As part of our ongoing EST programs investigating 'orphan' genomes, we have developed a clustering algorithm, CLOBB (Cluster on the basis of BLAST similarity) to identify and cluster ESTs. CLOBB may be used incrementally, preserving original cluster designations. It tracks cluster-specific events such as merging, identifies 'superclusters' of related clusters and avoids the expansion of chimeric clusters. Based on the Perl scripting language, CLOBB is highly portable relying only on a local installation of NCBI's freely available BLAST executable and can be usefully applied to > 95 % of the current EST datasets. Analysis of the Danio rerio EST dataset demonstrates that CLOBB compares favourably with two less portable systems, UniGene and TIGR Gene Indices.

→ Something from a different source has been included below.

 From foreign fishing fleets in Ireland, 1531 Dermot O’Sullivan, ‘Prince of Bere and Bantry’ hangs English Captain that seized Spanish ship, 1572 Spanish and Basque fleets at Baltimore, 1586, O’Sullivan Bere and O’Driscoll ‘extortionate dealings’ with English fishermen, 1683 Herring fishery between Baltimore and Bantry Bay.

CLOBB provides a highly portable EST clustering solution and is freely downloaded from: http://www.nematodes.org/CLOBB
表达序列标签(ESTs)是从随机选择的cDNA克隆中进行的单通道读取。它们提供了一种极具成本效益的方法来获取和鉴定表达的基因。然而,它们往往容易出现测序错误,并且通常定义的是不完整的转录本。为了增加可从ESTs获得的信息量并减少测序错误,有必要将ESTs聚类成具有显著序列相似性的组。

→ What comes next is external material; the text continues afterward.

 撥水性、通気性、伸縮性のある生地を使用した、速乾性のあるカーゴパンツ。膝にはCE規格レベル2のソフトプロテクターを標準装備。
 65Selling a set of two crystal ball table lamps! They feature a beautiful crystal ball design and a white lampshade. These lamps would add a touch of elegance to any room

作为我们正在进行的研究“孤儿”基因组的EST项目的一部分,我们开发了一种聚类算法CLOBB(基于BLAST相似性进行聚类)来识别和聚类ESTs。CLOBB可以增量使用,保留原始的聚类指定。它跟踪特定于聚类的事件,如合并,识别相关聚类的“超级聚类”,并避免嵌合聚类的扩展。基于Perl脚本语言,CLOBB具有高度的可移植性,仅依赖于本地安装的NCBI免费提供的BLAST可执行文件,并且可以有效地应用于超过95%的当前EST数据集。对斑马鱼EST数据集的分析表明,CLOBB与另外两个可移植性较差的系统UniGene和TIGR基因索引相比具有优势。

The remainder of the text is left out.